There will also be a field that begins `// STAT: NETWORK-NETWORK SD =`. This is the symmetric
difference between the final network and the network from which the original triplets were drawn. This NETWORK-NETWORK SD statistic (see
the two COMMENT lines before it two obtain the two additive components of the SD) thus only makes sense when the original input was exactly equal to the
set of triplets in some network.

`--sample [probability]`

Each input triplet is thrown away with probability (1-[probability]).
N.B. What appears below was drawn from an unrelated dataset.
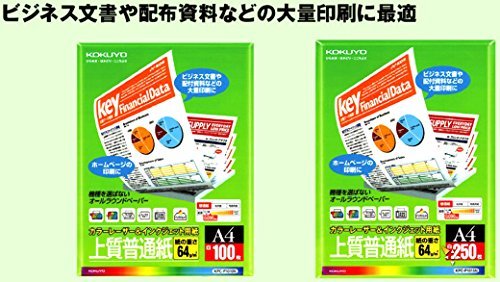64g/m2・・PatternName:単品・坪量:64g/m2 / 紙厚: 0.09mm / 総枚数: 250枚・片面印刷用紙●お求めやすい多枚数パックのカラーレーザープリンタ・インクジェットプリンタ用紙です。 ●ネットでの検索文書やホームページの出力など、さまざまなシーンで幅広くお使いいただけます。 ●用紙の表裏はありませんが、インクジェットプリンタで両面印刷する場合は裏面の印刷が透け、波打ち・にじみが生じます。高品位のカラー出力をする場合はインクジェット専用紙をお使いください。

Again, STAT: NETWORK-NETWORK SD statistics are produced, and - again - we assume the input is equal to all triplets from some network.

We also have several other programs available as part of the LEV1ATHAN package. The most important is NewickToTriplet, a parser written in JavaCC (the Java parser generator: this is something different to the Java compiler!) that converts collections of trees in newick format, to sets of triplets. It should be compiled in the same directory as LEV1ATHAN. We didn't write the actual Newick parser, we adapted the parser found here. On our system NewickToTriplet is built like this:

`
javacc NewickToTriplet.jj
javac NewickToTriplet.java
`

Alternatively download the already-compiled JAR file here; in this case it is not necessary
to use either `javacc` or `javac`.

To use it you need to pipe a text file, where each line is a tree in Newick format, into the standard input channel. For example,

`java NewickToTriplet < test1.tre`

Or, if you are using the JAR files:

In the generated triplet set a triplet has a weight equal to the number of input trees that it was consistent with,
unless the command-line option `--noweight` is specified. If this is specified then each output triplet will have weight 1.